(Task input begins)

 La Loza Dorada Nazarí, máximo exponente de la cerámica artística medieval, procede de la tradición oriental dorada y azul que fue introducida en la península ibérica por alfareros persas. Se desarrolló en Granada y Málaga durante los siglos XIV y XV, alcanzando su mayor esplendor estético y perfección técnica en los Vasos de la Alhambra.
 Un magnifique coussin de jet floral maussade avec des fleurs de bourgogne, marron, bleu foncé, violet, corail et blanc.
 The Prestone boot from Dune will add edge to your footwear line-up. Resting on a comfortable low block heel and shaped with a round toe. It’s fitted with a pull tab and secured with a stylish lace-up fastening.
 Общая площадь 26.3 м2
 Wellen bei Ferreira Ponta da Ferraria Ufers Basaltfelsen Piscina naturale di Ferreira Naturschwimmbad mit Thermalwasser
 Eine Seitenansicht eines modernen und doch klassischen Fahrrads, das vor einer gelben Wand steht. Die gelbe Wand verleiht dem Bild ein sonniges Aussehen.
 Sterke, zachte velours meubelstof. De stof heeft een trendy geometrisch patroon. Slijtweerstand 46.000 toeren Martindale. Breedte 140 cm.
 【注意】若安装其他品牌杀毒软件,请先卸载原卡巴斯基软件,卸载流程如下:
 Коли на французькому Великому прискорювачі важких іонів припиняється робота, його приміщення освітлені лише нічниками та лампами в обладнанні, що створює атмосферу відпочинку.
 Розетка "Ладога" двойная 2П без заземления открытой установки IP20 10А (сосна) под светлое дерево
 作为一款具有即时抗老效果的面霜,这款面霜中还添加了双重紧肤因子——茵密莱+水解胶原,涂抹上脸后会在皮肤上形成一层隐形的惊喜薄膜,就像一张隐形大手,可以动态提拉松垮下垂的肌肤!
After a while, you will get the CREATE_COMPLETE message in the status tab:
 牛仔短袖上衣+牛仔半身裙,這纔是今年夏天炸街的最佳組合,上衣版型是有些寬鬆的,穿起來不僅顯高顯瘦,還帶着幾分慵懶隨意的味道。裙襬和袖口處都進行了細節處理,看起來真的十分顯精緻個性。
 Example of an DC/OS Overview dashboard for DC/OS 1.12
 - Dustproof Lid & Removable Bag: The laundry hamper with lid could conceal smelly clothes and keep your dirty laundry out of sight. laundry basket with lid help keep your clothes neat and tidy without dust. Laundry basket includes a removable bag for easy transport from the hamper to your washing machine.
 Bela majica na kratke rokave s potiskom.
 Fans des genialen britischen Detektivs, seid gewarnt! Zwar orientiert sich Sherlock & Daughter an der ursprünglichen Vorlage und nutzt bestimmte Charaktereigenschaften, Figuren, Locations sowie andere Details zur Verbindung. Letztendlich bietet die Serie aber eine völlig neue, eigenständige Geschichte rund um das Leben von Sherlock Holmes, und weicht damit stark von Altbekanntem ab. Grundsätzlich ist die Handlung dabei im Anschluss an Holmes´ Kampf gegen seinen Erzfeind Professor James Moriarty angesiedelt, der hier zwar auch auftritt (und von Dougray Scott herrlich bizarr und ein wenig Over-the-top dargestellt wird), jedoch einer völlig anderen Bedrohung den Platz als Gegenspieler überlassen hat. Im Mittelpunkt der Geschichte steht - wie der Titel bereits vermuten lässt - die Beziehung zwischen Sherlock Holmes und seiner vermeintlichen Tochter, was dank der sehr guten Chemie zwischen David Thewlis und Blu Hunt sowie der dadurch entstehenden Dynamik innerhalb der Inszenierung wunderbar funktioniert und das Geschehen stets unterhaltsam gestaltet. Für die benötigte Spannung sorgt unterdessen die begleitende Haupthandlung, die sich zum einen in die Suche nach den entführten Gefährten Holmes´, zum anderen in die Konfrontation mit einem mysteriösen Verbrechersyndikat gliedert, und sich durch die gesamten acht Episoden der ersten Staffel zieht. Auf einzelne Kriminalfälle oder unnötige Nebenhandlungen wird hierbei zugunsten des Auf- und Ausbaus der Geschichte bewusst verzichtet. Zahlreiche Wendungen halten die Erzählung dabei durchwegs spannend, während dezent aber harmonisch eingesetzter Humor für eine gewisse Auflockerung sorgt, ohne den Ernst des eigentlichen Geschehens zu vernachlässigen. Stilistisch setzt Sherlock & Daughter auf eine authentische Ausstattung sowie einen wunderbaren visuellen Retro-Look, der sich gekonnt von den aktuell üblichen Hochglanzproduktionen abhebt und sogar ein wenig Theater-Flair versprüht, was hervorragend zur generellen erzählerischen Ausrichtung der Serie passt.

(Task input ends)

Work order:
Your answer must consist solely of the lines above between the line holding "Wellen bei Ferreira" and the line holding "Eine Seitenansicht eines", inclusive, copied exactly.

Result:
 Wellen bei Ferreira Ponta da Ferraria Ufers Basaltfelsen Piscina naturale di Ferreira Naturschwimmbad mit Thermalwasser
 Eine Seitenansicht eines modernen und doch klassischen Fahrrads, das vor einer gelben Wand steht. Die gelbe Wand verleiht dem Bild ein sonniges Aussehen.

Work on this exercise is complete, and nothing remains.